[LeetCode] 66. Plus One
Given a non-empty array of digits representing a non-negative integer, plus one to the integer.
The digits are stored such that the most significant digit is at the head of the list, and each element in the array contain a single digit.

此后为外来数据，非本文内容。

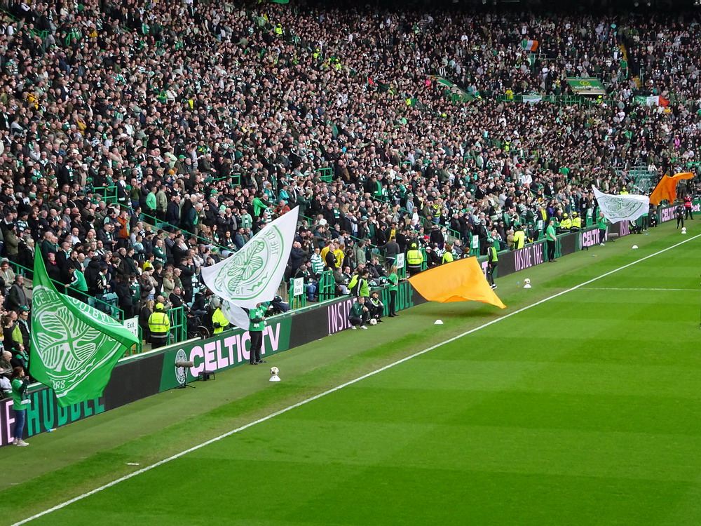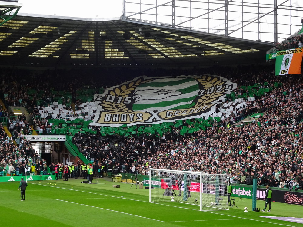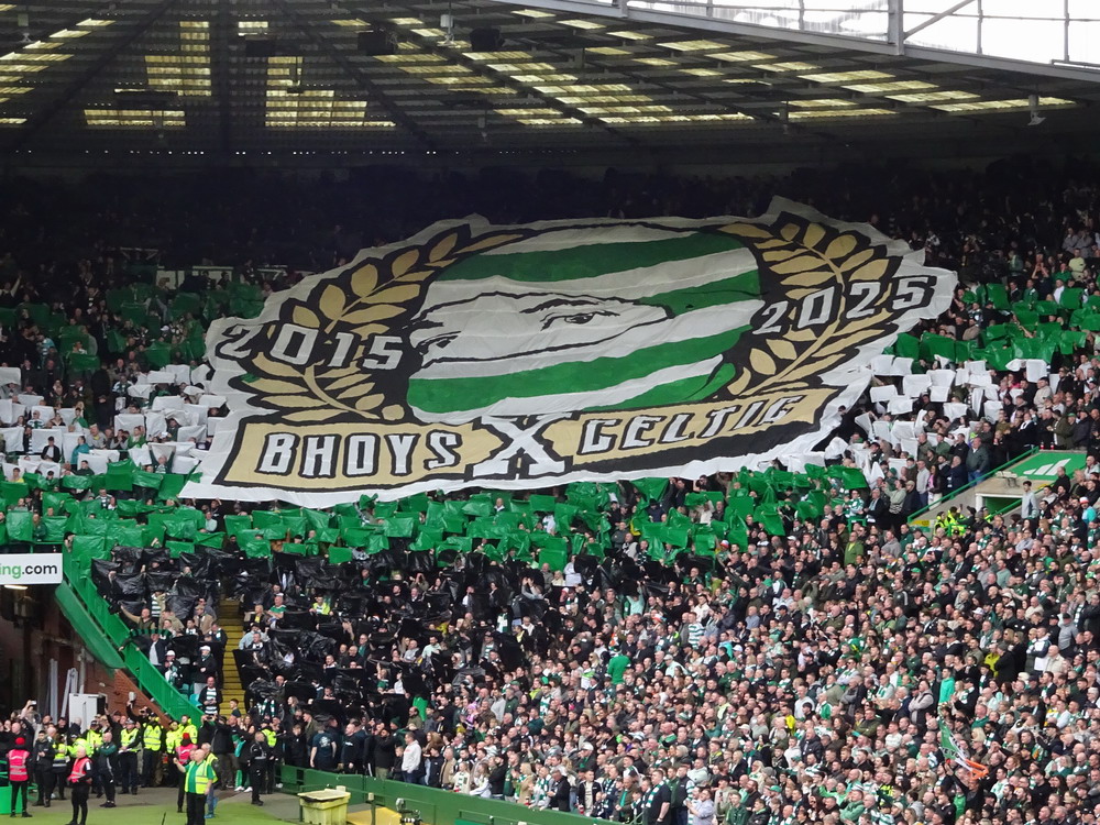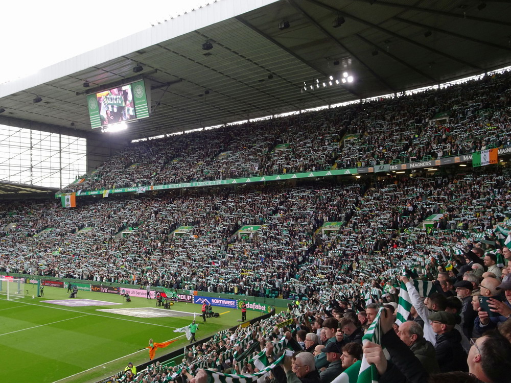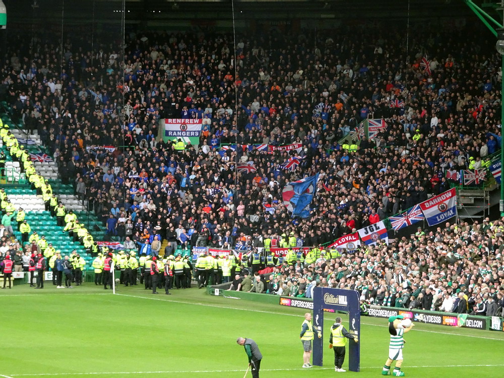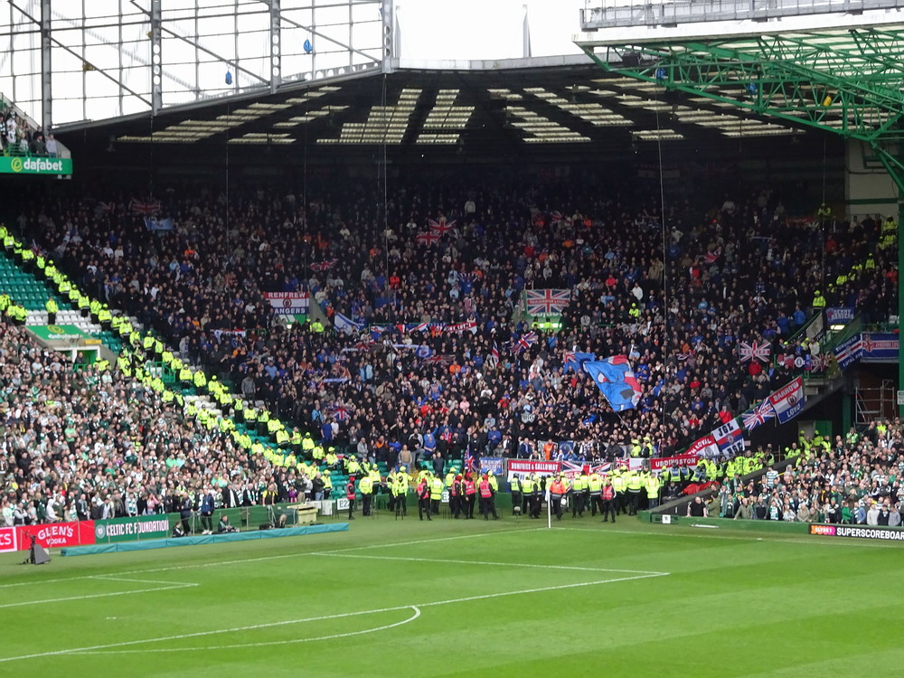 Seit 2023 waren zum ersten Mal wieder Gäste-Fans anwesend. Nachdem die Kontingente in einer „Wie Du mir, so ich Dir“-Mentalität immer weiter reduziert wurden, bis es schließlich zum kompletten Ausschluss kann, einigte man sich für diese Saison wieder auf ein Away-Kontingent, aber es dauerte bis zum dritten Vergleich, bis die Absichten Realität wurden. Gut so, denn auch davon lebt die Mystik dieser Spielpaarung. 2.400 Hunnen waren gekommen und dennoch hatte ich die Stimmung aus dem vergangenen Jahr deutlich besser in Erinnerung. Dass nach einem wieder einmal ohrenbetäubenden, Gänsehaut erregenden „You’ll never walk alone“ dann der Stimmungsfunke im Stadion nicht so übersprang, hatte mehrere Gründe. Die Rangers-Supporter um die ‚Union Bears‘ mühten sich im Eckblock zwar, hätten nach meinem Geschmack für ihre Anzahl aber lauter sein dürfen. Die ‚Bhoys Celtic‘ zeigten in ihrem Eck zwar eine Choreo, aber die Gruppe selber ist nicht besonders groß, hat einen nach meiner Meinung unglücklichen Standort und vermag es nur selten, die Umstehenden in die Gesänge einzubinden. Daher ist für das Stimmungsbarometer in der Regel die ‚Green Brigade‘ zuständig. Diese fehlte aber heute, die angestammten Reihen der etwa 250-300 Köpfe starken Gruppierung blieben verwaist. Der Grund war eine polizeiliche Maßnahme am Treffpunkt der Gruppe, dem Social Club der ‚Celtic Supporters Association‘. Die Police verlangte nach präventiver Durchsuchung und Personalienfeststellung zur Vermeidung von Straftaten. Derart willkürliche Aktionen akzeptiert keine Ultra-Gruppierung der Welt und als Folge entschied man sich, dem Spiel fernzubleiben, respektive man musste fernbleiben. Soweit die vereinfachte Version, insgesamt ist die Geschichte komplizierter und hat mit der auflebenden und sich vergrößernden Ultra-Szenerie in Schottland zu tun, welche die Staatsorgane gerne kleinhalten oder am besten ganz ersticken möchten, wie man es auch aus anderen Ländern kennt.
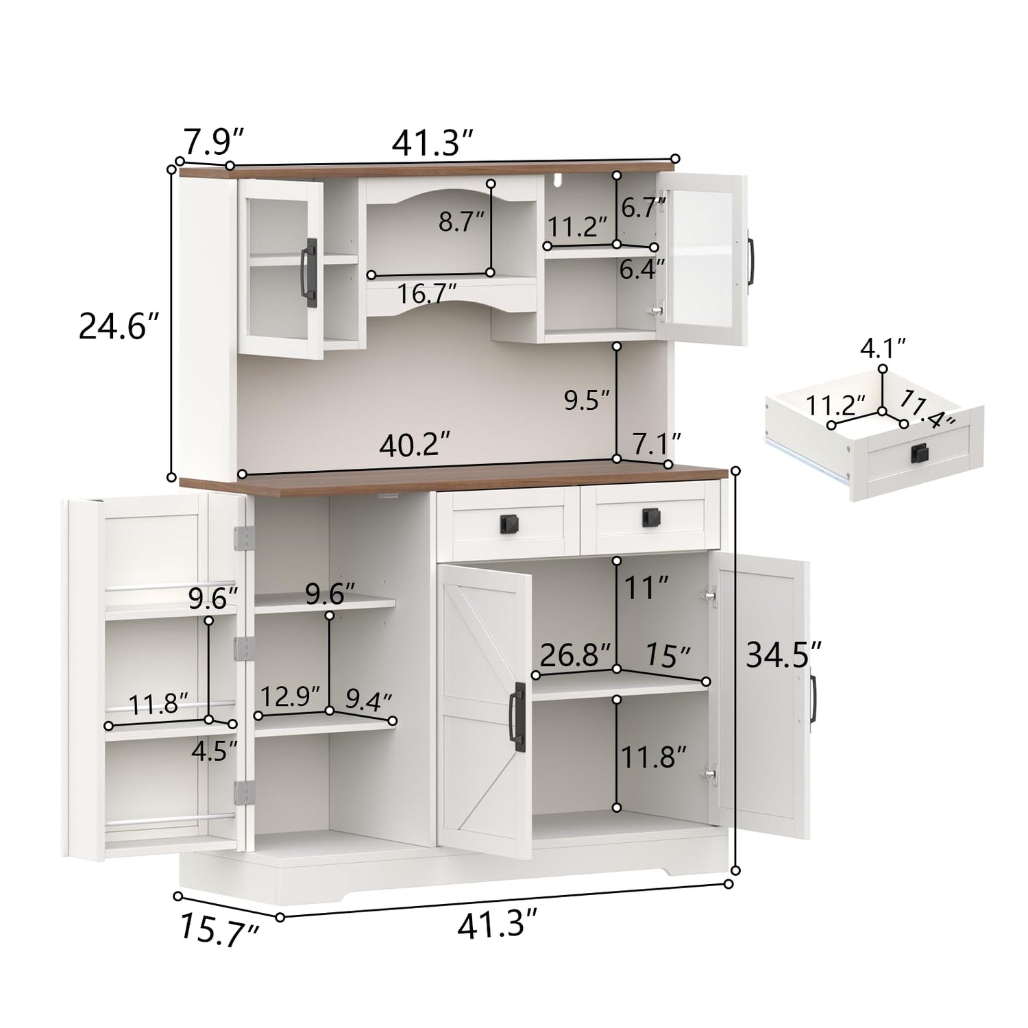 - 【High Quality Materials and Safe Design】Kitchen hutch dimensions: 15.7"D x 41.3"W x 64.17"H. It is composed of high-quality MDF, good structural design and 3.7'' thick base ensure cabinet stability. Equipped with 2 anti tilt settings, it further stabilizes the placement of the cabinet, making it safer for you and your family to use. Modern minimalist aesthetic, enhances the visual appeal of your kitchen, while seamlessly blending in with various interior décor styles.This probably isn't going to be some of your nicest furniture, but it is good value for you.

You may assume the integer does not contain any leading zero, except the number 0 itself.
Example 1:
Input: [1,2,3]
Output: [1,2,4]
Explanation: The array represents the integer 123.
Example 2:
Input: [4,3,2,1]
Output: [4,3,2,2]
Explanation: The array represents the integer 4321.
把一个vector存储的digits
当成int来做加法,只+1
和[LeetCode] 2. Add Two Numbers有点像,然后我写出了一样(丑)的代码
从digits
的末尾开始遍历,末尾+1,记下进位carry
,如果没进位就直接返回digits
,否则就继续看下一位,把进位传递下去
vector<int> plusOne(vector<int>& digits) {
++digits[digits.size()-1];
int carry = digits[digits.size()-1] / 10;
digits[digits.size()-1] %= 10;
if (carry == 0)
{
return digits;
}
for(int i = digits.size()-2; i >= 0; i--)
{
digits[i] += carry;
carry = digits[i] / 10;
digits[i] %= 10;
}
if (carry != 0)
{
digits.insert(digits.begin(), 1);
}
return digits;
}
再看看LeetCode上其他代码,很简洁,但不是我现在能想出来的代码
由于是+1,digits[i]
进位完后肯定是0,carry
为1,所以循环里直接digits[i]++
vector<int> plusOne(vector<int> &digits) {
for(int i = digits.size() - 1; i >= 0; i --){
digits[i] ++;
if(digits[i] < 10)
break;
digits[i] = 0;
}
if(digits[0] == 0){ // 99 + 1 = 100这种
digits[0] = 1;
digits.push_back(0);
}
return digits;
}